ולא נבייש שום אדם בעולם מקטן ועד גדול ונזכה לקיים באמת מצוות “ואהבת לרעך כמוך“, בכל לב וגוף ונפש וממון:
“And let it come to pass in our time as it is written, ‘And I will give peace in the land, and you shall lie down and none shall make you afraid. I will drive the wild beasts from the land, and neither shall the sword go through your land.’ (Leviticus 26:6)
ויקוים בנו מקרא שכתוב ונתתי שלום בארץ ושכבתם ואין מחריד והשבתי חיה רעה מן הארץ וחרב לא תעבור בארצכם:
“Hashem who is peace, bless us with peace!”
יי שלום, ברכנו בשלום.
Prayer for Peace (Attributed to Rabbi Nachman of Breslov)
May in be Your Will, Adonai our God and God of our ancestors, to put an end to war and bloodshed on earth, and to spread a great and wonderful peace over the whole world, so that nation shall not lift up sword against nation, neither shall they learn war anymore.
May all inhabitants of this planet come to recognize and know the ultimate truth: We did not come to this world for conflict and strife, nor for hatred, envy, mockery or bloodshed; We came to this world only to know You, may You be blessed for all eternity.
Therefore, have mercy on us, and fulfill for us what is written, “And I will grant peace in the land, and you shall lie down and none shall make you afraid. I will drive the wild beasts from the land, and neither shall the sword go through your country.”*(Leviticus 26:6)
“And justice will well up like water, righteousness like a mighty stream.” (Amos 5:24).
“For the Land will be filled with knowledge (some translate: devotion to) of Adonai as water covers the sea.”( Isaiah 11:9).

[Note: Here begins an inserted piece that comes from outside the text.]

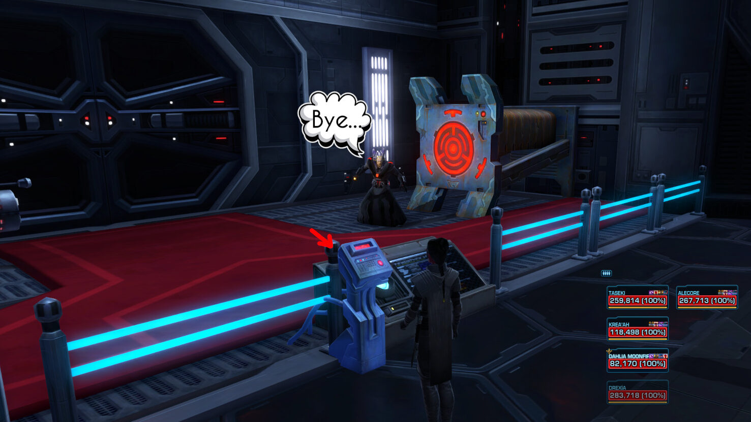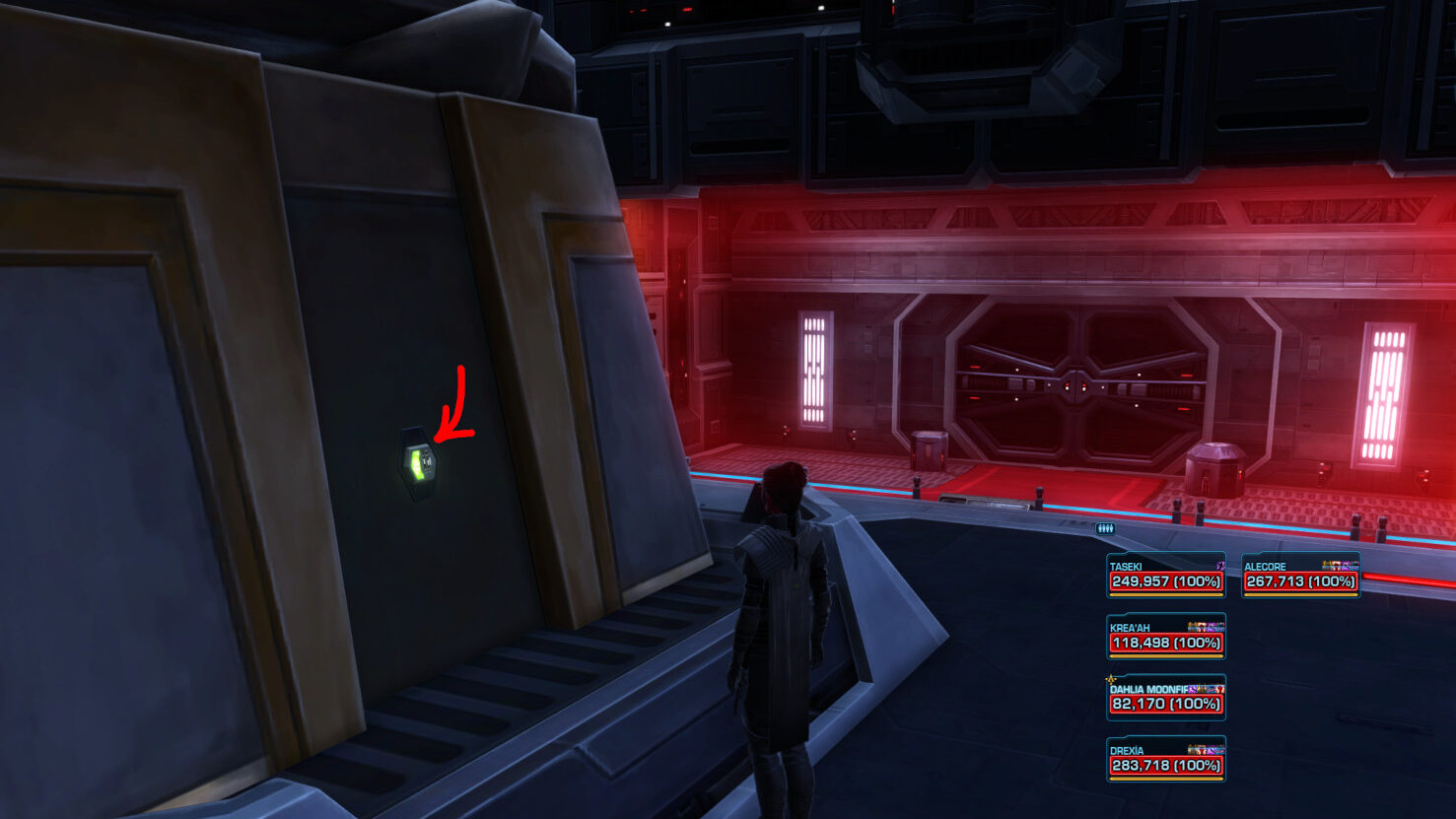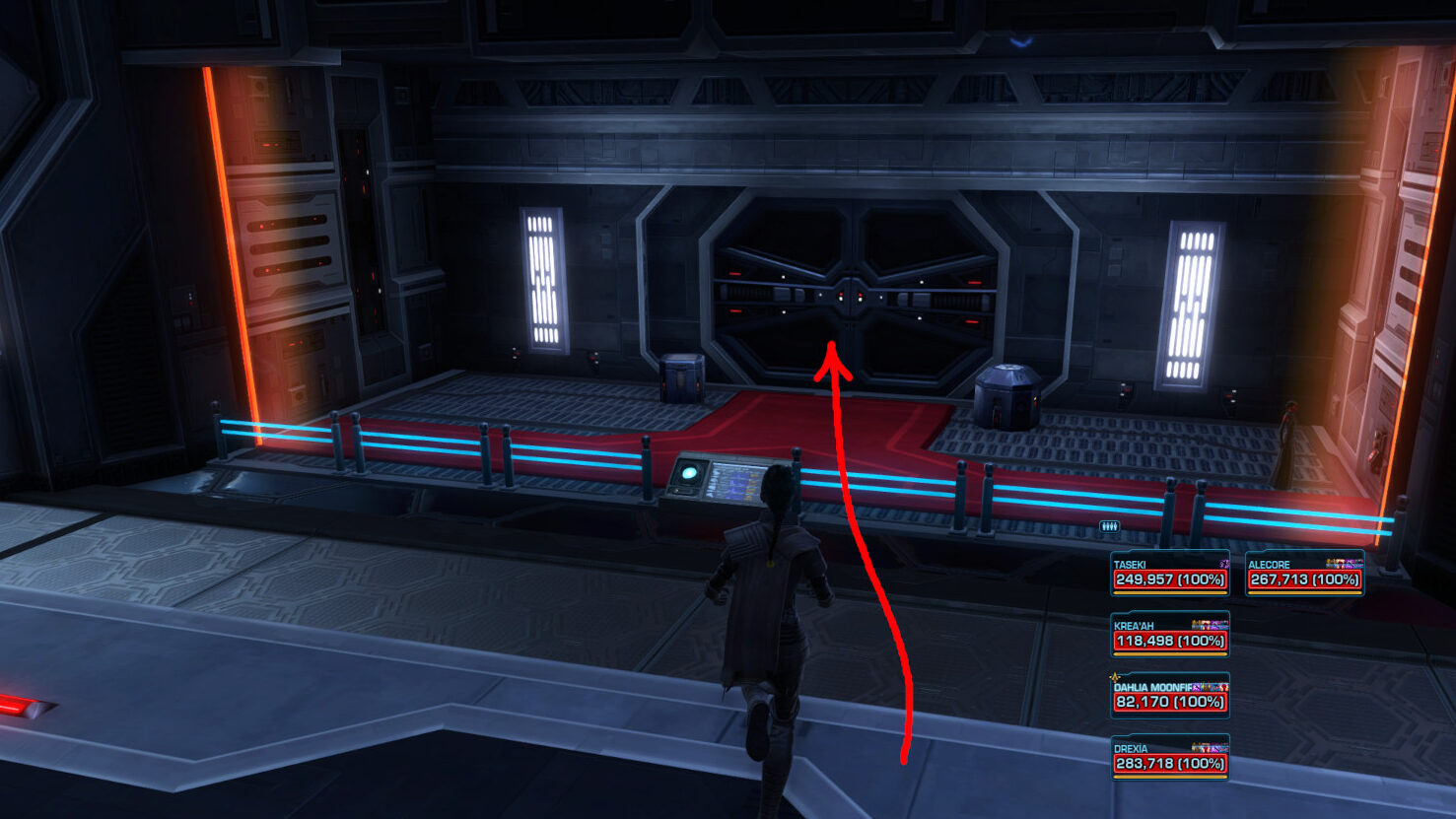 Note: There is a button on the right side as you pass the Force Field that will lower the Force Field again, in case someone dies and needs access back into this area again.

May it be Your Will. And let us say: Amen.
The second version teaches us that if we truly know God, we would not engage in harming each other.
At one point I asked the youth yesterday why they were turning their holy souls into the souls of beasts (and that isn’t very fair to animals). If the youth yesterday, or any of those who dispossess, expel, discriminate, hate or deny basic living conditions to fellow human beings were truly students and hasidim of Rebbe Nachman, they would be seeking to elevate their souls, not sully and degrade them.
Jacob, and Esau, once bitter enemies, learn to know God in each other, and in the renewed bond between them.
With God’s Help, and serious effort on our part, we too can and must drive the wild beasts from our hearts.